Question

If f(x) = cos(x) on the interval (0,2$\pi$), what is the value of c in (0,2$\pi$) where f'(c) = 0, as guaranteed by Rolle's Theorem?

• A. c = $\pi$
• B. c = 3$\pi$/2
• C. c = 5$\pi$
• D. c = $\pi$/4

Answer 1

Answer: (A)

The value of c is $\pi$.

Answer 2

To find the value of $c$ as guaranteed by Rolle's Theorem, we first need to ensure that the conditions of Rolle's Theorem are met for the given function and interval.

Rolle's Theorem Conditions:

For a function $f(x)$ on a closed interval $[a, b]$:

1. $f(x)$ must be continuous on $[a, b]$.
2. $f(x)$ must be differentiable on $(a, b)$.
3. $f(a) = f(b)$.

If these three conditions are satisfied, then there exists at least one value $c$ in the open interval $(a, b)$ such that $f'(c) = 0$.

Applying Rolle's Theorem to $f(x) = \cos(x)$ on $(0, 2\pi)$:

The problem states the interval as $(0, 2\pi)$. For Rolle's Theorem, we consider the closed interval $[0, 2\pi]$.

1. Continuity: The function $f(x) = \cos(x)$ is continuous for all real numbers, so it is continuous on the closed interval $[0, 2\pi]$. (Condition 1 satisfied)
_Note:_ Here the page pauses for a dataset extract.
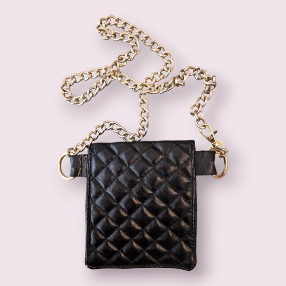 Stylish Michael Kors quilted leather belt bag with gold hardware and chain strap. Compact and versatile — can be worn as a belt bag or crossbody.

2. Differentiability: The function $f(x) = \cos(x)$ is differentiable for all real numbers. Its derivative is $f'(x) = -\sin(x)$, which exists for all $x$. Thus, $f(x)$ is differentiable on the open interval $(0, 2\pi)$. (Condition 2 satisfied)

3. Equality of function values at endpoints: $f(0) = \cos(0) = 1$ $f(2\pi) = \cos(2\pi) = 1$ Since $f(0) = f(2\pi)$, this condition is also satisfied.

Finding $c$ where $f'(c) = 0$:

Since all three conditions of Rolle's Theorem are met, there must exist at least one value $c \in (0, 2\pi)$ such that $f'(c) = 0$.

First, find the derivative of $f(x)$: $f'(x) = \frac{d}{dx}(\cos(x)) = -\sin(x)$

Now, set $f'(c) = 0$: $-\sin(c) = 0$ $\sin(c) = 0$

We need to find the values of $c$ in the interval $(0, 2\pi)$ for which $\sin(c) = 0$. The general solution for $\sin(c) = 0$ is $c = n\pi$, where $n$ is an integer.

Let's check values of $n$ to find $c$ within the interval $(0, 2\pi)$:

• If $n=0$, $c = 0\pi = 0$. This value is not in the open interval $(0, 2\pi)$.
• If $n=1$, $c = 1\pi = \pi$. This value is in the open interval $(0, 2\pi)$.
• If $n=2$, $c = 2\pi$. This value is not in the open interval $(0, 2\pi)$.
• For any other integer values of $n$, $c$ will be outside the interval $(0, 2\pi)$.

Therefore, the only value of $c$ in $(0, 2\pi)$ for which $f'(c) = 0$ is $c = \pi$.